A good general rule here is to think in terms of what percentage of your portfolio (or net worth) you want in a specific asset class, rather than making buying/selling a binary decision. Then rebalance every 3 months.
For example, you might decide you want 2.5%-5% in crypto. If the price quadrupled, you would well about 75% of your stake at the end of the quarter. If it halved, you would buy more.
The major benefit is that this moves you from making many small decisions to one big decision, which is usually easier to get right.
I agree that this is the appropriate strategy to use when adding an investment to your portfolio, but note that if applied to Bitcoin it did not yield the sort enormous gains that motivated this post. So if you think the Bitcoin example should lead us to update away from outside-view-motivated beliefs about our ability to spot market inefficiencies/investment opportunities, you should probably also endorse updating away from outside-view-motivated portfolio strategies like picking an allocation and rebalancing.

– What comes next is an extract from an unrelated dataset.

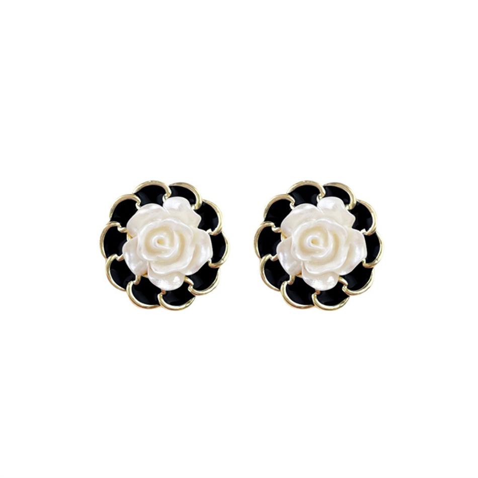 Korean Unique Camellia Black White Stud Earrings for Women Piercing Ear Jewelry Pendientes Earring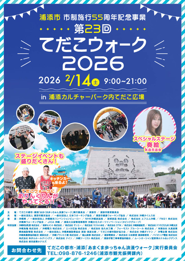 沖縄県最大級のウォーキングイベントとして県内外より多くの方に参加していただいております「てだこウォーク」が令和8年2月14日(土)に開催されます。

I just ran some numbers on this. Suppose you had $100k in savings, read the 2011 LessWrong post and were convinced to adopt a 95% cash 5% bitcoin allocation at the end of Q1 2011, and thereafter rebalanced on the last Monday of every quarter. (Assume for simplicity that your non-Bitcoin holdings earn zero interest, that you don’t add or remove any money from your total savings during the period, and that you successfully avoided having your BTC stolen in MtGox etc.) If you ignore taxes, then at the end of 2017 you’d be left with $414k, which is decent but not life-changing. Further, since you’re rebalancing every quarter you’re paying a lot of taxes if you’re in the US; assuming a federal+state short term capital gains rate of 30% you’d end up with $284k. (By only rebalancing yearly you can decrease your tax liability but you miss out on some of the big rallies; assuming a 15% long-term capital gains rate you end up with $258k.)

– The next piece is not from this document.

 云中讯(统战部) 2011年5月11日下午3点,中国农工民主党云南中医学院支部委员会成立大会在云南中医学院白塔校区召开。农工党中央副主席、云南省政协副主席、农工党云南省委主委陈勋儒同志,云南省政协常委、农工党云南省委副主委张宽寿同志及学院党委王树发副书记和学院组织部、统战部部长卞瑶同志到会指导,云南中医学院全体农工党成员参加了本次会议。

By contrast just buying the same $5k of BTC in Q1 2011 and hodling until the end of 2017 would leave you with around $75M (perhaps $60M after tax), which is more like the sort of “winning” Scott seems to be thinking about here. But how would you know to do that rather than, say, selling in mid-2011 for $100k?
A plausible strategy would be to buy say 100 bitcoins for $1 each, then sell 10 at $10, 10 at $100, and so on. With this strategy you would have made $111,000 and hold 60 bitcoins.
I think this seems correct and is also what I have settled on. In theory you can use the Kelly Criterion to work out bounds on the percentages to use. In practice that seems hard.
I strongly agree. Despite appearances, I wouldn’t say someone with 10 bitcoin today has “won” at all. Winning means getting more of what you ultimately care about, like goods and services. You only win if you convert your bitcoin into goods or dollars at the right time. I am reminded of “buy low, sell high”: an empty phrase that can sound deceptively like good investment advice.